Pemerintah perlu libatkan RT/RW untuk membantu menghimpun data masyarakat.
Pentolan aktivis 98, Saryo Purwanto, meminta pemerintah untuk membenahi pola pendataan penerima bantuan sosial (bansos) agar tidak terjadi lagi kasus salah sasaran yang bisa menyebabkan kekisruhan. Menurutnya, pola pendataan yang dilakukan oleh pemerintah saat ini perlu diubah dengan pendekatan lain.

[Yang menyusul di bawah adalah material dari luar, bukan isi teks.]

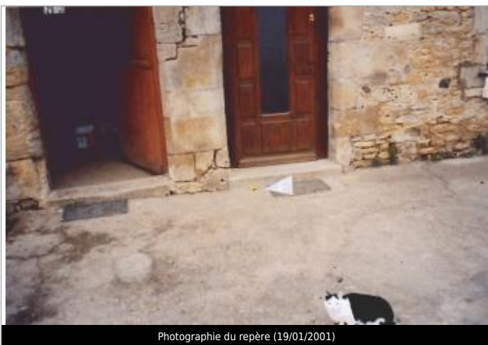
Photographie du repère (19/01/2001)

Altitude calculée de l'eau (en m) : 15.25 m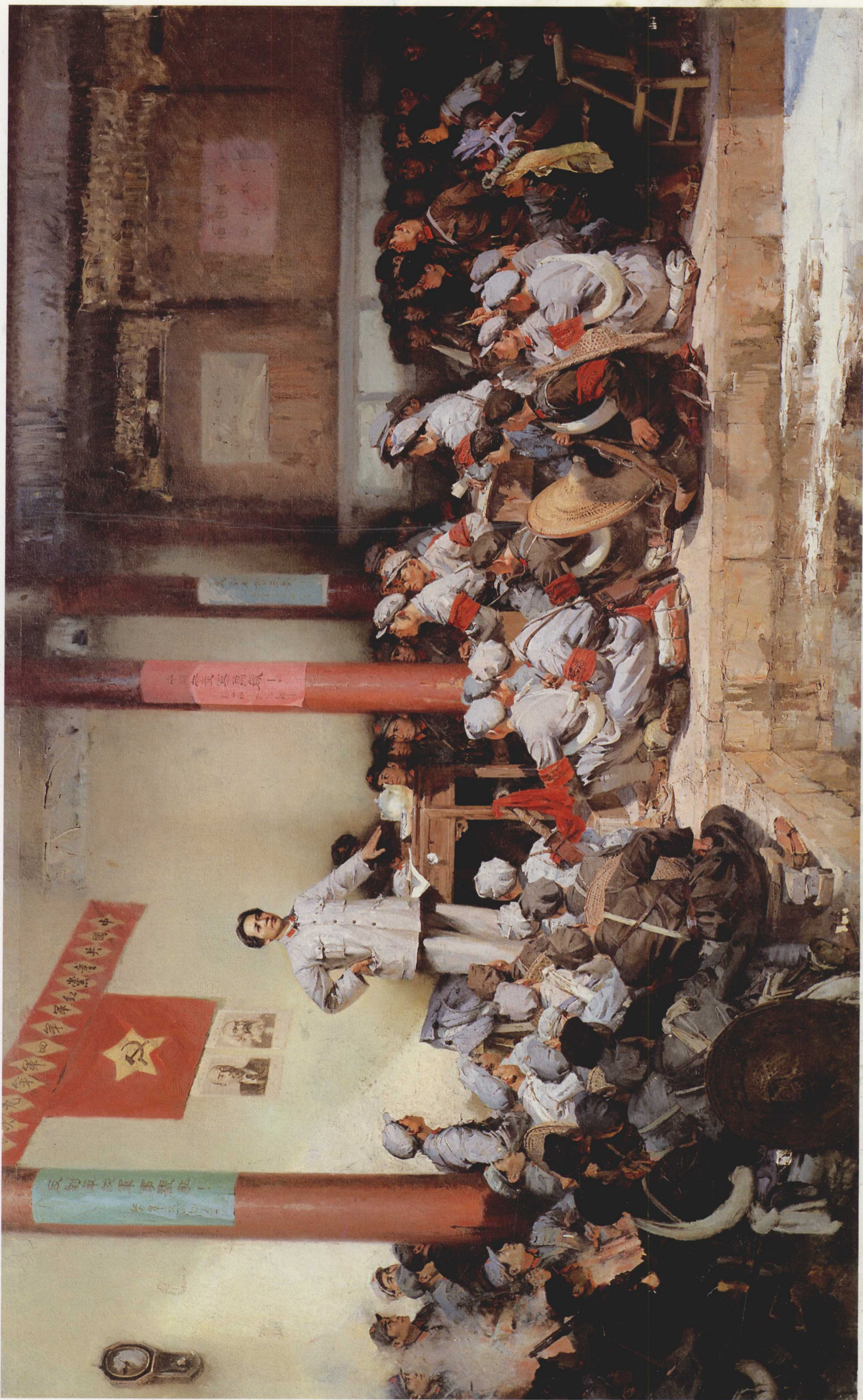
11. 古田会议 布面油画 175cm × 290cm 1972年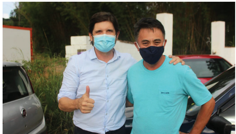
Deputado estadual André do Prado (PL)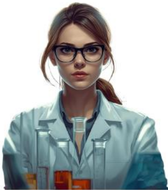
CLAUDIA LA CIENTÍFICA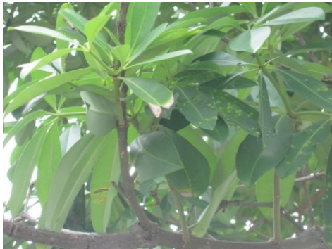
ภาพที่ ๒๖ ใบมีเพร็ลี้ยไก่อฟ้ากินใบ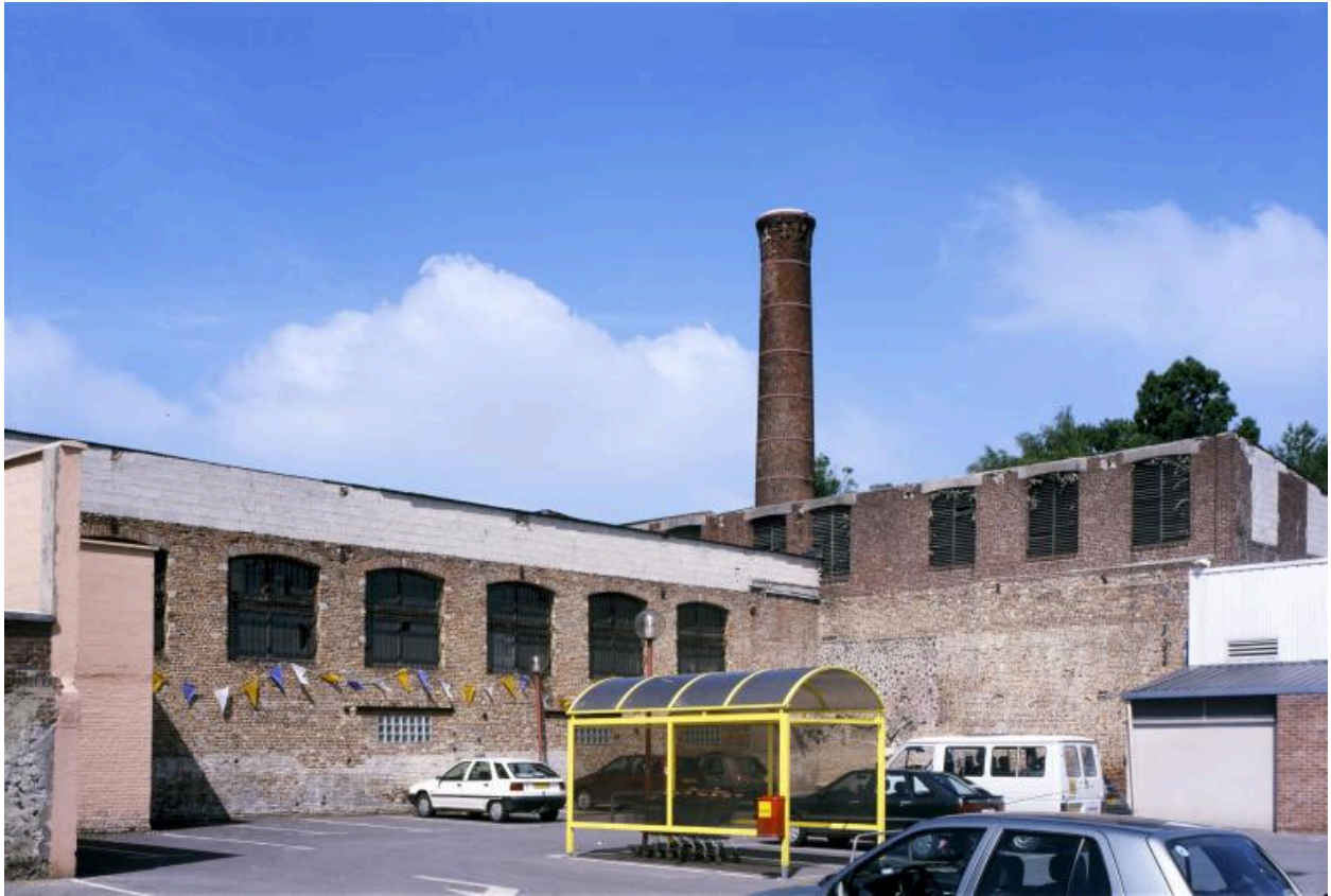
Vue depuis des bâtiments subsistants de l'ancienne tannerie, aujourd'hui annexés en partie par un centre commercial et son parc de stationnement.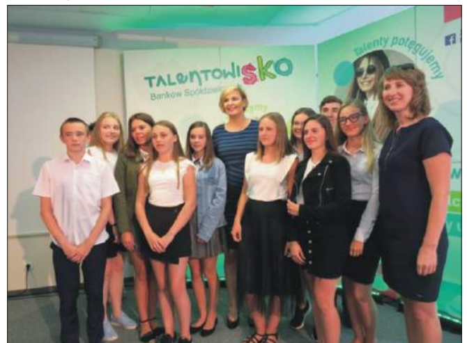
W stolicy spotkali się między innymi z Otylią Jędrzejczak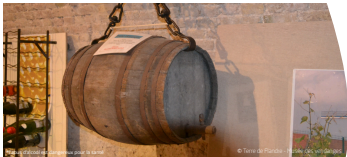
Musée d'histoire et d'agriculture pour le vin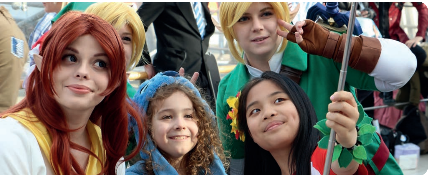
Buchmesse Leipzig 2017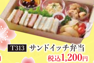
T313 サンドイッチ弁当 税込1,200円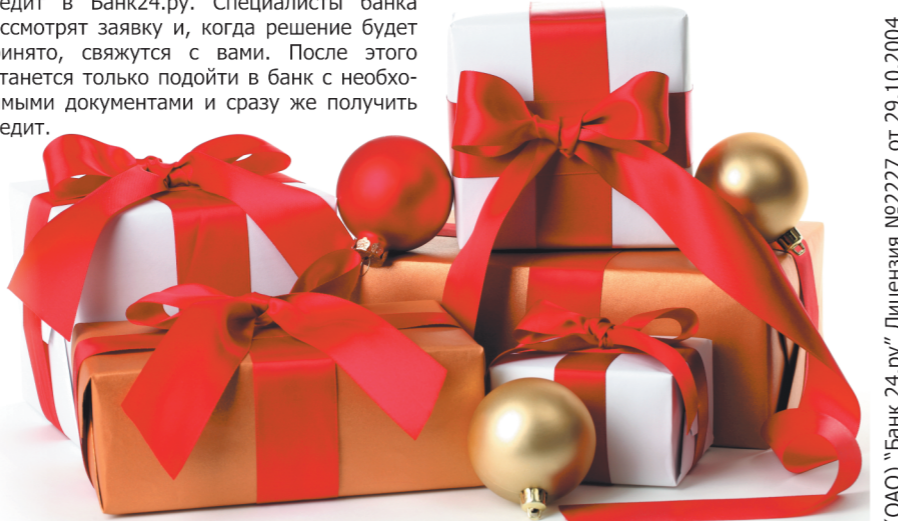
(ОАО) Банк 24.ру. Лицензия №2227 от 29.10.2004

Узнать информацию о кредитных бонусах, а также подать заявку на кредит можно в офисе Банка по адресу пр. Ленина 40 и по телефону: 495-724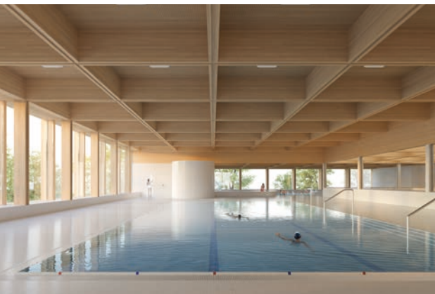
Die Visualisierung zeigt das Lehrschwimmbekken des neuen Hallenbads. Im Hintergrund ist der Planschbereich zu sehen. Die Fenster zeigen auf das Freibad Weyermannshaus hinaus.

Das Freibad bleibt während der Bauarbeiten geöffnet.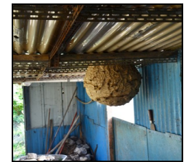
Nid sous un abri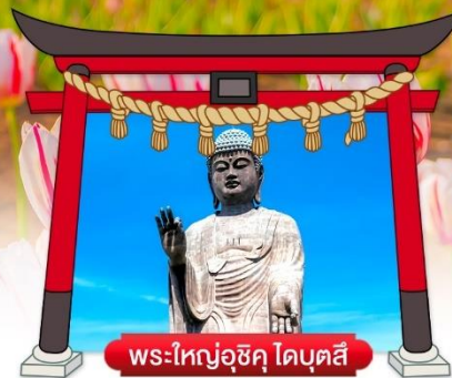
พระใหญ่อุซึคุ ไดบุตสึ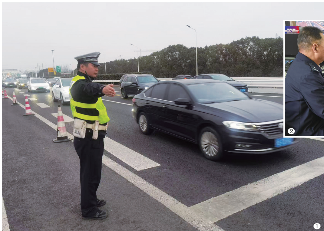
①金山警方实地疏导交通。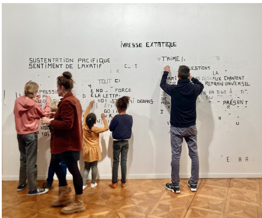
Performance Ecriture Public Gaff et Nous 4x2m Théâtre d'Orléans Scène nationale 2025

La consigne est simple pour créer l'oeuvre, je donne, mets à disposition du gaff d'une certaine largeur au public, ils le découpent eux même à la main, puis le collent sur les traits dessinés à la craie. Le gaff permet de faire une oeuvre qui tient au mur et qui est robuste dans le temps tout en ayant la possibilité de l'enlever à n'importe quel moment sans laisser de trace. Le gaff se déchire aussi assez facilement ce qui permet à tout le monde de participer, ceux qui ont du mal à le découper, je les aide et le public aussi. L'aspect brute, sauvage, visuellement du résultat est voulu, cela donne un côté fait maison, imparfait et lisible facilement, en dehors d'une perfection à atteindre dans la confection de l'oeuvre et cela permet aussi à toutes les tranches d'âge de pouvoir agir. La couleur de gaff que je choisis dépend de l'aspect visuel du support sur laquelle s'écrit le texte, de la thématique aussi, du lieu dans lequel nous nous inscrivons. Une seule couleur est retenue à chaque performance.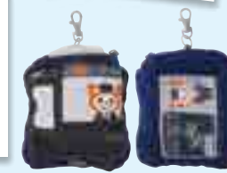
そうにゃんバスケース2 ※イメージです。

5歳の息子は電車が大好きです。相鉄線の詳しい情報が分かる雑学クイズなどが載っていると面白いなと思います！ 40代/女性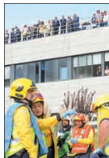
Imagen de la presentación

El PIC detalla funciones y competencias de los diferentes

“Pola collecting data ini yang harus dirubah oleh pemerintah, ia harus menggunakan pendekatan dari bawah ke atas (bottom up) enggak bisa lagi menggunakan tenaga sukarelawan (volunteer) atau tenaga-tenaga yang sifatnya semacam petugas sensus. Itu gak bisa,” terangnya dalam video conference (19/1).
Aktivis sapaan akrab Komeng ini menyampaikan bahwa jumlah orang miskin maupun orang yang kehilangan pekerjaan atau tidak memiliki pekerjaan (pengangguran) akan meningkat 2 hingga 3 kali lipat dari sebelumnya. Pasalnya, pandemi yang sedang melanda hampir satu tahun lamanya ini telah menyebabkan keadaan yang multikrisis, khususnya pada aspek ekonomi dan kesehatan.
Meski pemerintah memiliki program untuk melakukan update data per 6 bulan sekali, namun Komeng menilai pendataan tersebut terkadang tidak menyentuh atau menginput data dari warga miskin yang terkena pemutusan hubungan kerja (PHK).
“Inilah yang menyebabkan selalu tidak pernah beresnya pendataan dalam distribusi bansos, baik tunai, PKH, atau sembako. Ini semuanya kisruh karena sumber datanya sama,” ujar Komeng.